EDITORIAL BOARD MEMBERS
Dr. Prem Ramasamy, completed his Ph.D. in Biophysics with specialization in structural biology from All India Institute of Medical Sciences (AIIMS), New Delhi, India and working as a Postdoctoral Associate at the Department of Biochemistry, Brandeis University, Waltham, MA, USA. He is on the editorial board of European Journal of Medicinal Plants, Der Pharmacia Sinica, Asian Journal of Pharmaceutical Research and Health Care, and Advance research in Pharmaceuticals & Biologicals and also serving on reviewer panel of many peer-reviewed journals including Protein Science, Acta Cryst Sect. F, Frontiers journals, Molecular and Cellular Biochemistry. He has been working on understanding the mechanism of several different proteins, notably on recoverin, a small calcium ion binding protein in the vertebrate visual system, as well as several terpene synthases, enzymes involved in the committed step in terpene biosynthetic pathways. Recently, he has solved the structure of the guanylyl cyclase domain of a newly discovered rhodopsin-guanylyl cyclase fusion protein from the aquatic fungus Blastocladiela emersonii. This fusion protein is of particular interest because of its use in optogenetic studies. For his doctorate, he was working on structural studies and inhibitor design of various proteins including phospholipase A2, hyaluronidase, and lactoferrin.

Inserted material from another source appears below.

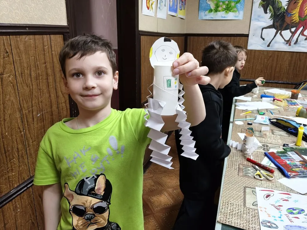 Затем педагог предложила поучаствовать в увлекательной викторине и в игре-разминке «Космодром». Далее учащиеся изготавливали поделки «Космонавт» из бумаги и картона.
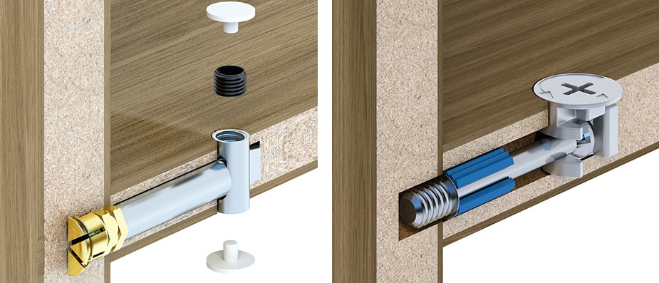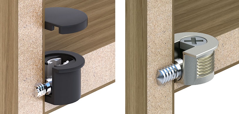 Прочность и незаметность деталей обеспечивает поворот цилиндра вокруг его оси. На видимых поверхностях эксцентрики больших размеров закрывают заглушками, а вот закрывать цилиндры с диаметром меньше 15 мм – не обязательно.

Terpene synthase: Prem Ramasamy is working on to characterize the structure and enantiomer selection mechanism of the limonene synthase, a monoterpene cyclase from the navel orange, and trying to identify the enzyme’s reaction intermediates in the catalytic pathway.

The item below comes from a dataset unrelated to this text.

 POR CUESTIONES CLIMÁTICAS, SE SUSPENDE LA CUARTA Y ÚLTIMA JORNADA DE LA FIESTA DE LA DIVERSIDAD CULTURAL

Vision pathway: Prem Ramasamy is studying several of the proteins involved in visual phototransduction. His work focuses on the calcium-dependent interaction between recoverin and rhodopsin kinase, which delays termination of the visual signal by phosphorylation of rhodopsin. More recently, he is also working on two fungal opsins that are naturally fused to either a guanylyl cyclase or phosphodiesterase and modulate the phototransduction-signaling cascade.